Celebrating Lent


Tuesday (March 4, 2014) was known as “ Fat Tuesday, ” the peak of the Mardi Gras celebration, and Wednesday (March 5, 2014) was “ Ash Wednesday. ” One can figure out that Fat Tuesday always precedes Ash Wednesday, which is the beginning of “ Lent. ” What are these days? Can one celebrate these days as days of worship to God?

What is Ash Wednesday? Ash Wednesday is “the first day of Lent, so-called from the ceremony of putting ashes on the forehead as a sign of penitence. The ash is from palms, which are blessed on Palm Sunday of the previous year” (New Webster’s Dictionary and Thesaurus of the English Language, p. 54). What is Lent? Lent is “(in Roman Catholic and some other Western Christian Churches) the period of fasting and penitence during the forty weekdays between Ash Wednesday and Easter Eve, recalling Christ’s forty days in the wilderness” (Ibid., p. 566). In the Orthodox Eastern Churches, they fast for an additional week until Orthodox Easter. Nonetheless, Fat Tuesday received its name as the day before the forty days of fasting and filled with riotous, gratuitous and gluttonous living.

Can one celebrate Ash Wednesday and Lent as days of worship to God? What would be wrong with showing additional faith to God by also participating in these rituals? God has not authorized us to do so. Nowhere in the Bible has He commanded us to place ash on our foreheads as a sign of penitence.
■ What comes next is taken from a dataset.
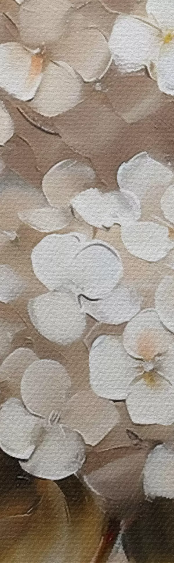 Het schilderij kan direct na ontvangst worden opgehangen. Het schilderij wordt opgespannen op een 2 cm breed houten spieraam.

Nowhere has He charged us to fast for a specific forty days. Nowhere has He authorized us to fast in recognition of the Lord’s fasting in the wilderness, as recorded in Matthew 4. Jesus said,

But thou, when thou fastest, anoint thine head, and wash thy face; that thou appear not unto men to fast, but unto thy Father which is in secret: and thy Father, which seeth in secret, shall reward thee openly. (Matt. 6:17-18).
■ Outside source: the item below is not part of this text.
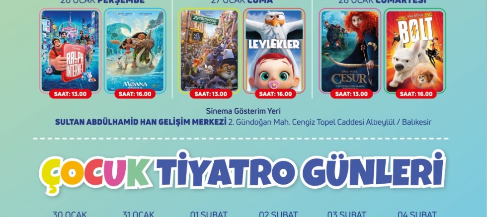 Altıeylül Belediyesi, bu hafta yarıyıl tatiline girecek çocuklar ve aileleri için Sultan Abdülhamid Han Gelişim Merkezi ve Hasan Can Kültür Merkezinde “Tatil Altıeylül’de Güzel” sloganıyla birbirinden renkli etkinlikler düzenliyor. Etkinlikler 23 Ocak’ta Sultan Abdülhamid Han Gelişim Merkezinde çocuk ve yetişkin filmleri ile başlıyor. Ralph ve İnternet, Moana, Hayvanlar Şehri, Leylekler, Cesur ve Bolt adlı çocuk filmleri 28 Ocak Cumartesi gününe kadar saat 13:00 ve 16:00’da olmak üzere iki seans gösterimde olacak.

Jesus states when we fast, it is not a public outward expression or ritual, but rather, it is to be an inward, secret expression. Paul said it best in Galatians 4:10-11, “Ye observe days, and months, and times, and years. I am afraid of you, lest I have bestowed upon you labour in vain.” The Galatians were binding certain traditions and ceremonies, especially those back under the Jewish law. Therefore, Paul was fearful that holding such would actually get in the way of serving Christ properly. Jesus gives an example in Matthew 15. Certain scribes and Pharisees came to Jesus and questioned His disciples not following the ritual of washing their hands before eating bread. “But he answered and said unto them, ‘Why do ye also transgress the commandment of God by your tradition?’” (Matthew 15:3). He later says, “But in vain they do worship me, teaching for doctrines the commandments of men” (Matthew 15:9).

God has authorized exactly what mode and method of worship by which we are to follow. Any other way, such as the observance of Fat Tuesday, Ash Wednesday or Lent that God has not authorized, would be contrary to the doctrine of Christ and is sinful (2 John 1:9).